=== Information supplied ===
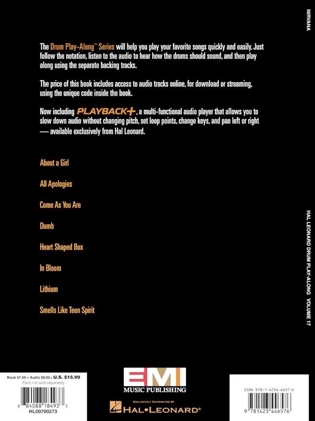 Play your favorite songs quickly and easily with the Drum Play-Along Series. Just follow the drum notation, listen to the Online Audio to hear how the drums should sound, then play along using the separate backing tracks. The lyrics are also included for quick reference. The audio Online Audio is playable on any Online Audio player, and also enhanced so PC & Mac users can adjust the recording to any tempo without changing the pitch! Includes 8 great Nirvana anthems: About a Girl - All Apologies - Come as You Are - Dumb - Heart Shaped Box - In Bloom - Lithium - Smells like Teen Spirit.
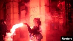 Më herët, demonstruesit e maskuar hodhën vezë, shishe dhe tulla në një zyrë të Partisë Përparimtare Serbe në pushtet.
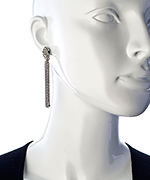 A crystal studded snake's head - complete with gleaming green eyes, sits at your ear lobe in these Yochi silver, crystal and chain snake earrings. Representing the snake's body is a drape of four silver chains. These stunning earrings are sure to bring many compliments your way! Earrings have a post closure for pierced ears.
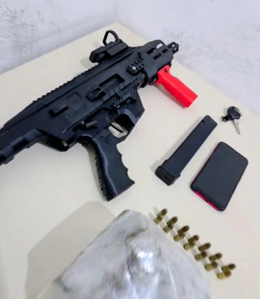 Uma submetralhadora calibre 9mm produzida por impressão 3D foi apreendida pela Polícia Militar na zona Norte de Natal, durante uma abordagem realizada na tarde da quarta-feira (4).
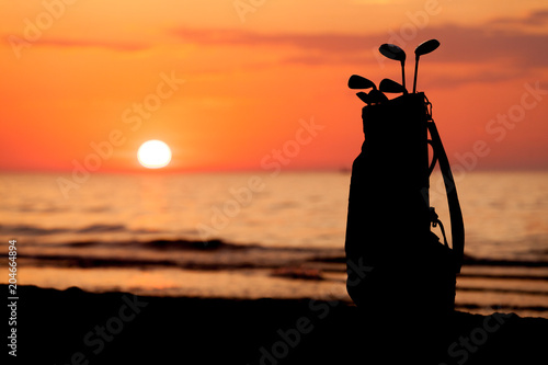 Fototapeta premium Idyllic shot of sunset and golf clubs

=== Exercise directions ===
Please reproduce the lines above from the one containing "Uma submetralhadora calibre" through the final line, exactly and inclusively, leaving out each picture.

=== Written response ===
 Uma submetralhadora calibre 9mm produzida por impressão 3D foi apreendida pela Polícia Militar na zona Norte de Natal, durante uma abordagem realizada na tarde da quarta-feira (4).
 Fototapeta premium Idyllic shot of sunset and golf clubs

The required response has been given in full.